Bearwood Baptist Church is on the corner of Bearwood Road and Rawlings Road. Bearwood Chapel is set back from Bearwood Road opposite the Bearwood Primary School. Methodist Church is now in the former Church of Christ Scientist on the junction of Sandon Road and Poplar Avenue. The original Wesleyan Methodist Church building on the corner of Sandon Road and Barnsley Road is now used by the Redeemed Christian Church of God.

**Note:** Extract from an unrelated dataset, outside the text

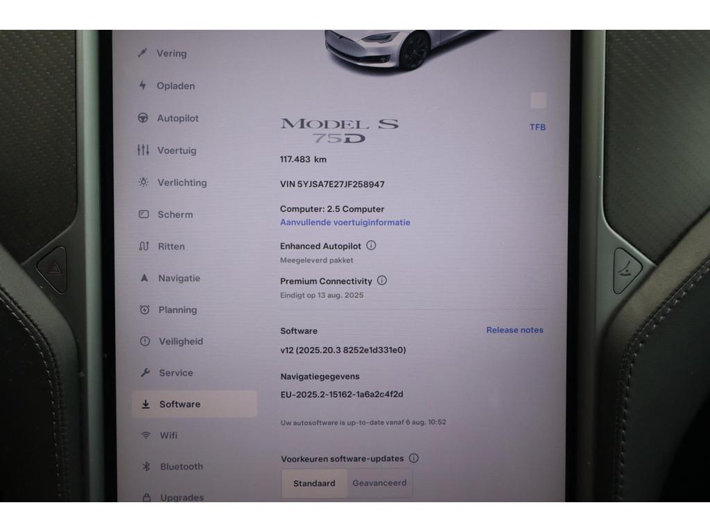 "Lichtmetalen velgen 21""", Accident Avoidance System, Achterbank in delen neerklapbaar, Achterbank verwarmd, Achteruitrijcamera, Airbag(s) hoofd achter, Airbag(s) hoofd voor, Airbag(s) knie, Airbag(s) side voor, Airbag bestuurder, Airbag passagier, Alarmsysteem, Anti Blokkeer Systeem (ABS), Armsteun voor, Audio installatie, Audio installatie premium, Autopilot, Autotelefoonvoorbereiding met Bluetooth, Bandenspanningscontrolesysteem, Binnenspiegel automatisch dimmend, Boordcomputer, Buitenspiegel(s) automatisch dimmend, Buitenspiegels elektrisch inklapbaar, Buitenspiegels elektrisch met geheugen, Buitenspiegels elektrisch verstelbaar, Buitenspiegels verwarmbaar, Carbonafwerking interieur, Cruise control, Dimlichten automatisch, Dodehoek detector, Electronic Stability Program (ESP), Electronic climate controle, Elektrisch bedienbare achterklep, Elektrische ramen voor, Elektrisch glazen panorama-dak, Elektrisch verstelbare stoel(en) met geheugen, Elektrisch verstelbare stuurkolom, Keyless entry, Koplampen adaptief, LED achterlichten, LED dagrijverlichting, LED koplampen, LED mistlampen, Lederen stuurwiel, Luchtvering, Luxe lederen bekleding, Metaalkleur parelmoer, Metallic lak, Multimedia-voorbereiding, Navigatie full map, Oplaadmogelijkheid, Panoramadak, Parkeersensor achter, Parkeersensor voor, Premium Upgrade Package, Regensensor, Rijstrooksensor, Ruitensproeiers verwarmbaar, Spraakbediening, Startblokkering, Stuurbekrachtiging snelheidsafhankelijk, Stuurwiel multifunctioneel, Stuurwiel verwarmd, Tractie Controle Systeem (TCS), Verkeersbord detectie, Verwarmde voorstoelen, WiFi voorbereiding

New Life Christian Centre is the Assembly of God Pentecostal church, located on Pargeter Road near to Thimblemill Road.

==Notable residents==
- Julie Walters, actor
- Christine McVie, singer with Fleetwood Mac, songwriter and keyboardist
- David Hallam, British Labour politician (one time Member of the European Parliament (MEP)) and writer
- Jess Phillips, Labour politician, lived in Bearwood for a short time as a baby, her family having to move out of their Barclay Road home due to heavy mortgage repayments.